Dataset content below:

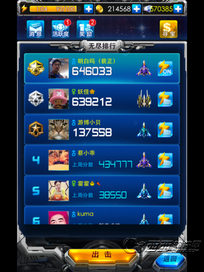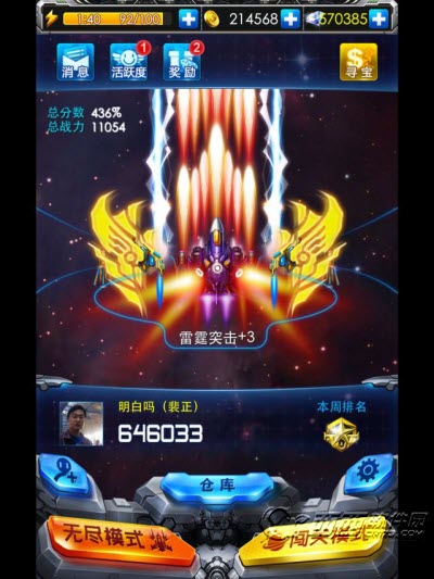 3、★好友比拼,激情无尽★:邀请好友一起发动雷霆战机,射击高手,同场竞技。无尽模式,炫出你的Style!当然拿下高分所需要的必然是一架顶级战机了,想要拥有它还需要大家努力赚钱了。
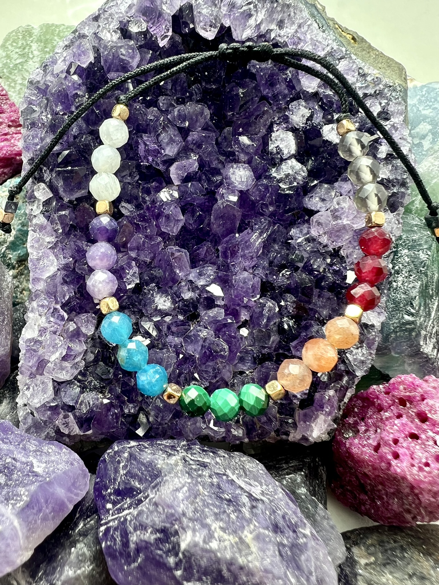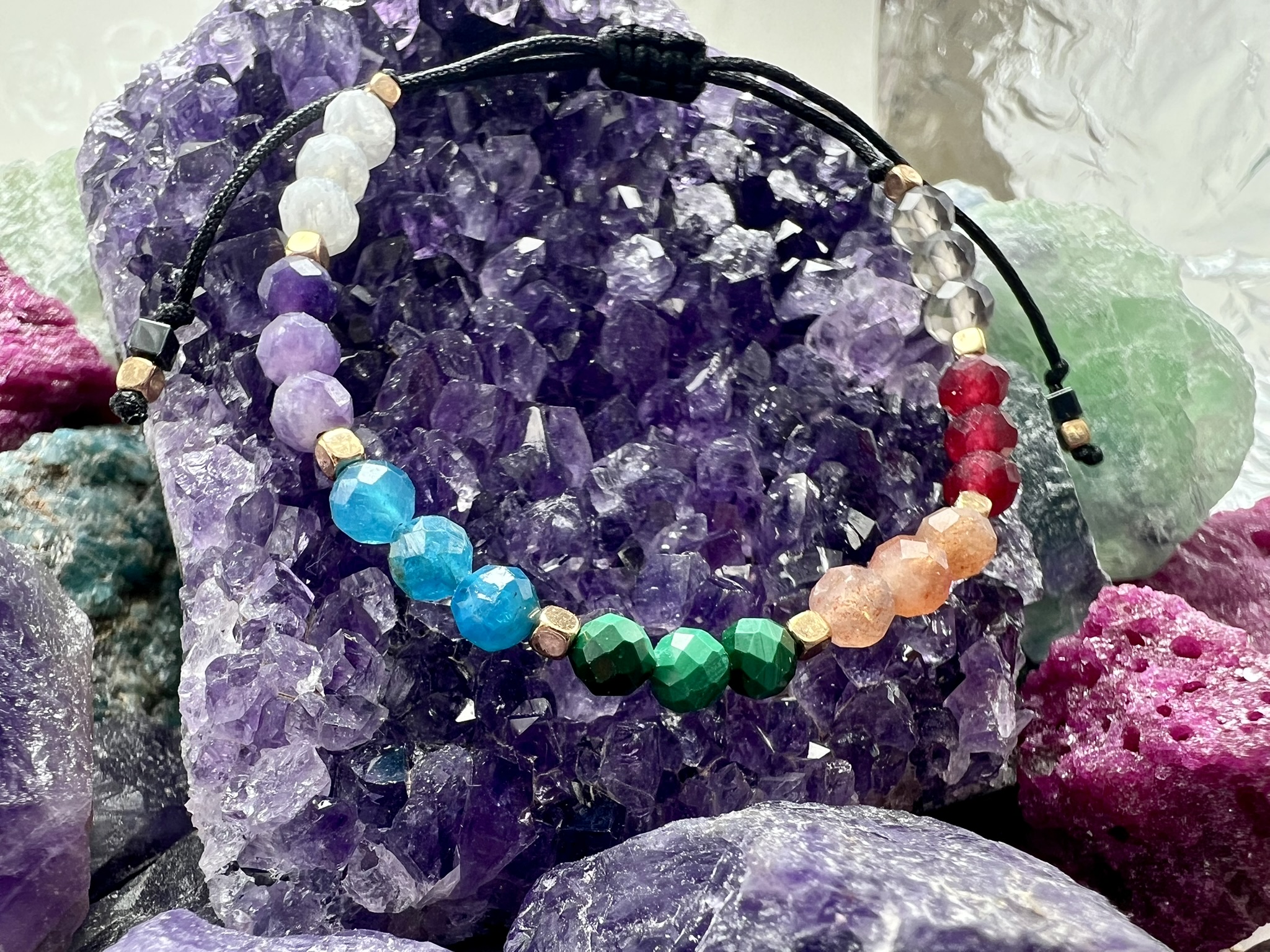 Bransoletka rezonuje z wszystkimi **siedmioma czakrami**, wspierając przepływ energii i transformację.
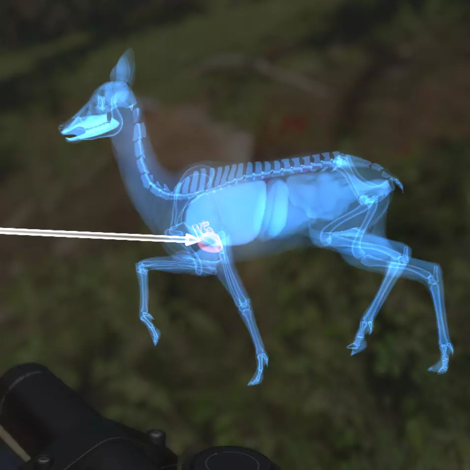 请注意,《猎人:荒野的呼唤》的游戏内容与现实存在差异。请勿将游戏中的有效方法视为现实中的可行做法!请务必参加适当的课程,进行充分研究,并向有经验的人学习。 你的首个猎物将是中型鹿类——在 Hirschfelden 有狍子和黇鹿,在 Layton Lakes 有白尾鹿和黑尾鹿。.243 步枪也适用于在 Layton Lakes 射杀郊狼,以及在 Hirschfelden 射杀马鹿,但这些都已接近该口径子弹有效射程的极限。尤其是马鹿,可能因其过于强壮而难以被可靠击倒。 行为特点 所有动物都十分警惕。经过数百万年的进化和数千年的人类狩猎,它们天生就变得胆小,尤其会惧怕人类。这意味着要想成功射击,你需要非常隐蔽。 当它们在活动时,你会发现它们在需求区附近徘徊、四处寻找配偶,或者只是休息。它们会经常停下来抬头张望。如果你在被它们发现之前先发现了它们,立即蹲下并缓慢移动。 在《猎人:荒野的呼唤》中,它们会对你的视觉、听觉或嗅觉做出反应。一旦它们察觉到你,就会对威胁保持警惕;它们可能会发出警告叫声、开始移动到其他位置,或者直接逃跑。 【动物解剖学】:直击要害
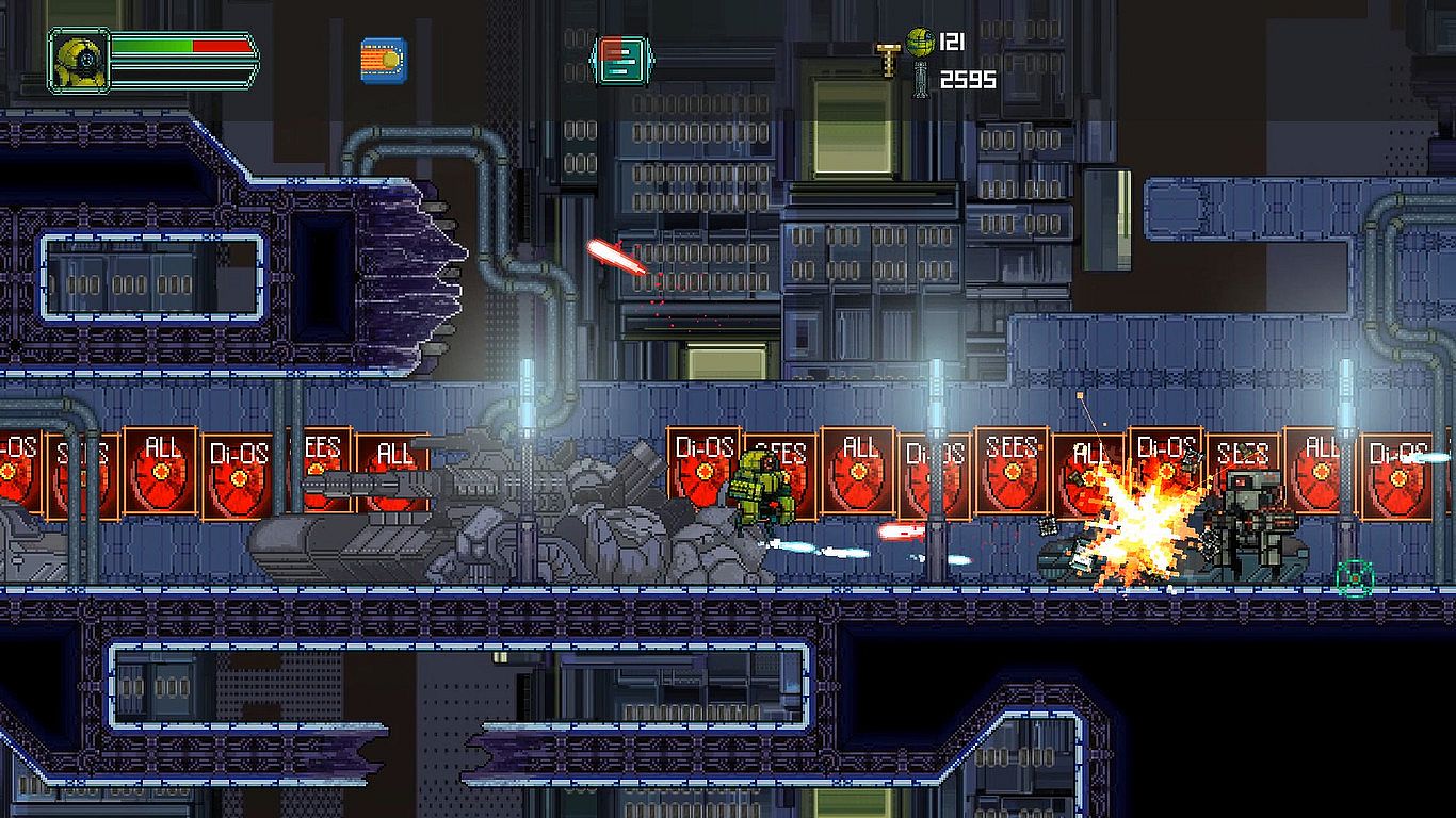 You take control of O.R.B., a robot with a special ability to transform into an attack ball. As a robot, you’re a powerful gun-slinging robot, who can walk, hop, shoot, and shield yourself from the evil minions of DiOS. But there are moments and obstacles which you simply can not overcome without being a speedy little ball made of metal and badass-attitude.

End of Dataset content.

Please give all of the data again, exact and free of pictures.

*Answer box*:
 3、★好友比拼,激情无尽★:邀请好友一起发动雷霆战机,射击高手,同场竞技。无尽模式,炫出你的Style!当然拿下高分所需要的必然是一架顶级战机了,想要拥有它还需要大家努力赚钱了。
 Bransoletka rezonuje z wszystkimi **siedmioma czakrami**, wspierając przepływ energii i transformację.
 请注意,《猎人:荒野的呼唤》的游戏内容与现实存在差异。请勿将游戏中的有效方法视为现实中的可行做法!请务必参加适当的课程,进行充分研究,并向有经验的人学习。 你的首个猎物将是中型鹿类——在 Hirschfelden 有狍子和黇鹿,在 Layton Lakes 有白尾鹿和黑尾鹿。.243 步枪也适用于在 Layton Lakes 射杀郊狼,以及在 Hirschfelden 射杀马鹿,但这些都已接近该口径子弹有效射程的极限。尤其是马鹿,可能因其过于强壮而难以被可靠击倒。 行为特点 所有动物都十分警惕。经过数百万年的进化和数千年的人类狩猎,它们天生就变得胆小,尤其会惧怕人类。这意味着要想成功射击,你需要非常隐蔽。 当它们在活动时,你会发现它们在需求区附近徘徊、四处寻找配偶,或者只是休息。它们会经常停下来抬头张望。如果你在被它们发现之前先发现了它们,立即蹲下并缓慢移动。 在《猎人:荒野的呼唤》中,它们会对你的视觉、听觉或嗅觉做出反应。一旦它们察觉到你,就会对威胁保持警惕;它们可能会发出警告叫声、开始移动到其他位置,或者直接逃跑。 【动物解剖学】:直击要害
 You take control of O.R.B., a robot with a special ability to transform into an attack ball. As a robot, you’re a powerful gun-slinging robot, who can walk, hop, shoot, and shield yourself from the evil minions of DiOS. But there are moments and obstacles which you simply can not overcome without being a speedy little ball made of metal and badass-attitude.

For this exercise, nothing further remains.